I had an interesting discussion this afternoon which highlighted how important it is to understand conditional probability and how code structure can produce unexpected results.
The code contained three lists and a random number generator. The random number generator was meant to randomly chose which list to take something from with equal probability (that is 1/3 chance of selecting from each of the lists). However, somehow one of their lists was being selected far more than the others.
The code looked similar to the following:
if (random.nextInt(3) == 0) {
// select from list 1
} else if (random.nextInt(3) == 1) {
// select from list 2
} else {
// select from list 3
}
Can you spot the bug? Why would this not generate equal probabilities of selecting from each list?

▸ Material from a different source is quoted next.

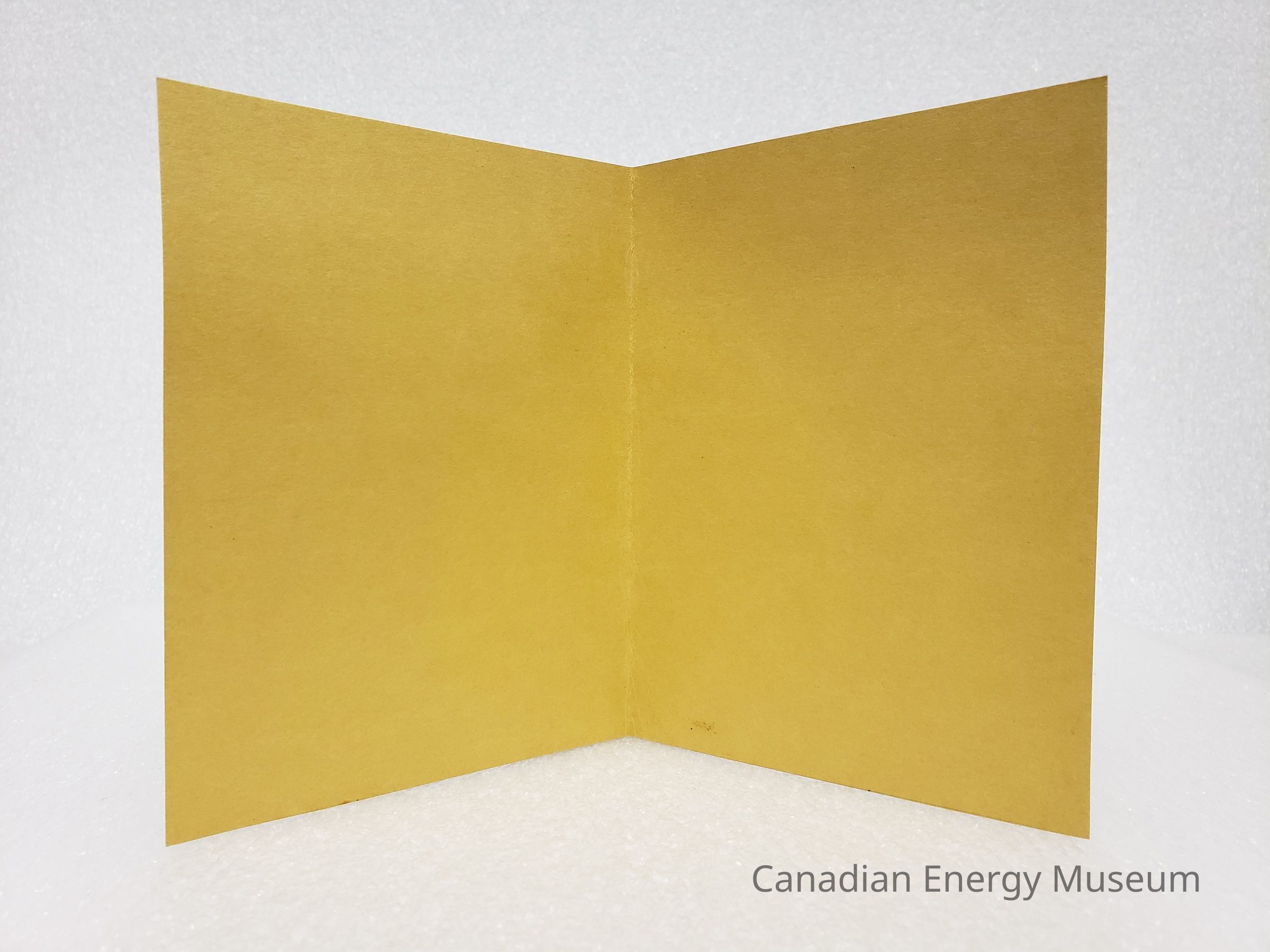 Material: Medium-weight cardstock, Mustard-yellow with white paper stock, black ink writing.

I wrote some of my own code to test this code structure almost 100 million times:int count0 = 0;
int count1 = 0;
int count2 = 0;
// loop almost 100 million times
for (int i = 0; i < 99999999; i++) {
if (r.nextInt(3) == 0) {
count0++;
} else if (r.nextInt(3) == 1) {
count1++;
} else {
count2++;
}
}
Which generated the results:Count0 = 33333271
Count1 = 22221788
Count2 = 44444940
Which demonstrates this code doesn’t generate equal probabilities.
The problem is the second random number generation:
if (r.nextInt(3) == 0) {
count0++; // this has 1/3 probability (0.333333333333333)

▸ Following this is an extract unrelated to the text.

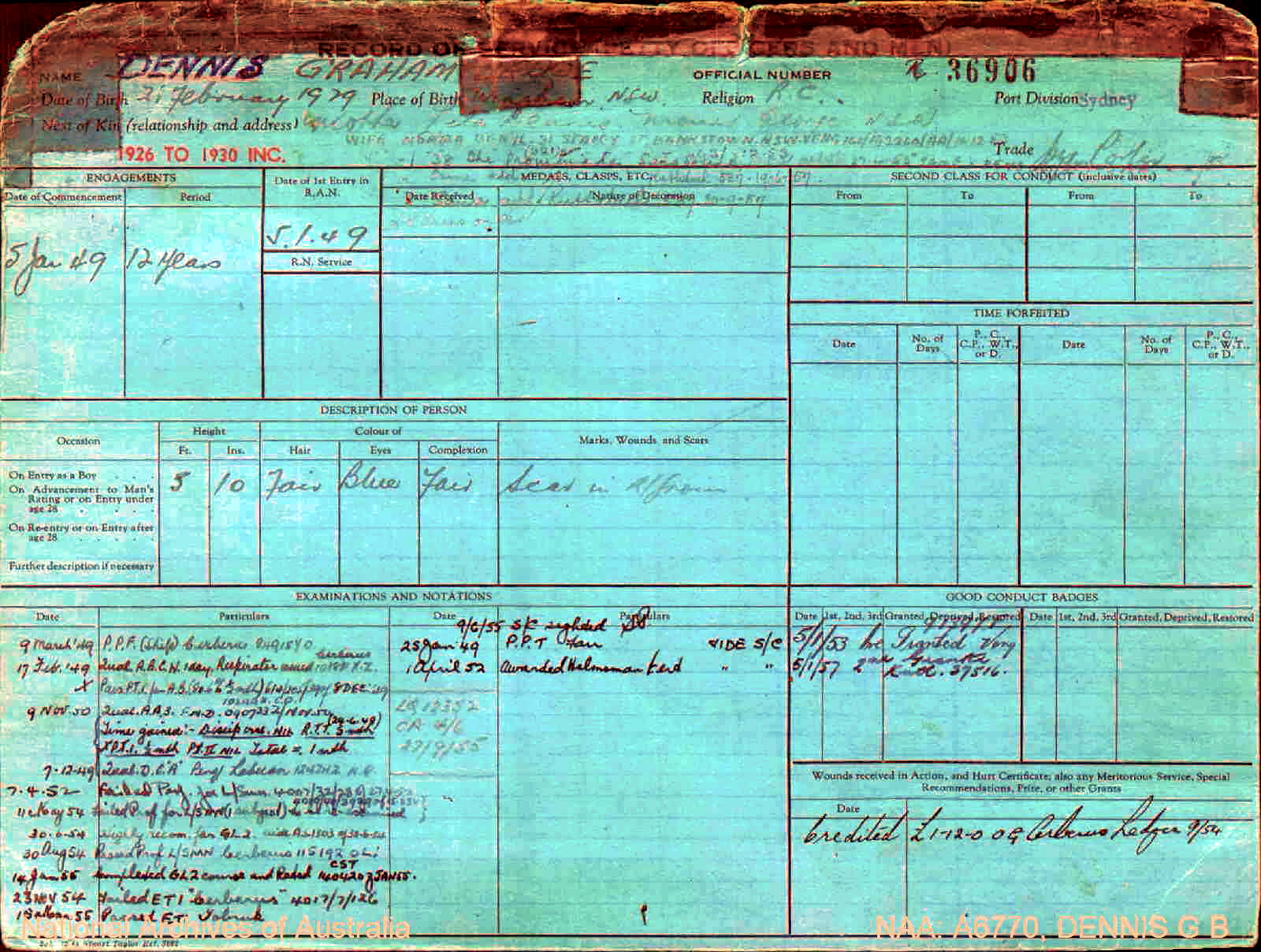 Service: From ? ? pre June 1940? to 6 March 1977 = 36? years Service

} else if (r.nextInt(3) == 1) { // this else will run 2/3 of the time
// and resolve true 1/3 of the times it runs
count1++; // 1/3 * 2/3 this line will run... i.e. 2/9 probability (0.22222222222)
} else {
count2++; // 2/3 * 2/3 this line will run... i.e. 4/9 (0.4444444444444)
}
Restructuring the code to only generate the random number once and storing this in a temporary variable makes a huge difference:
int rInt = r.nextInt(3); // only generate a random number once.
if (rInt == 0) {
count0++; // this will run 1/3 of the time.
} else if (rInt == 1) {
count1++; // this will run 1/3 of the time.
} else {
count2++; // this will run 1/3 of the time.
}
And the results of this are:Count0 = 33333907
Count1 = 33332586
Count2 = 33333506
Which looks much better.
(Note: alternatively you could make the second random number generation be out of 2 rather than 3 but this would be slower as the random number generator will take a few CPU cycles to calculate.)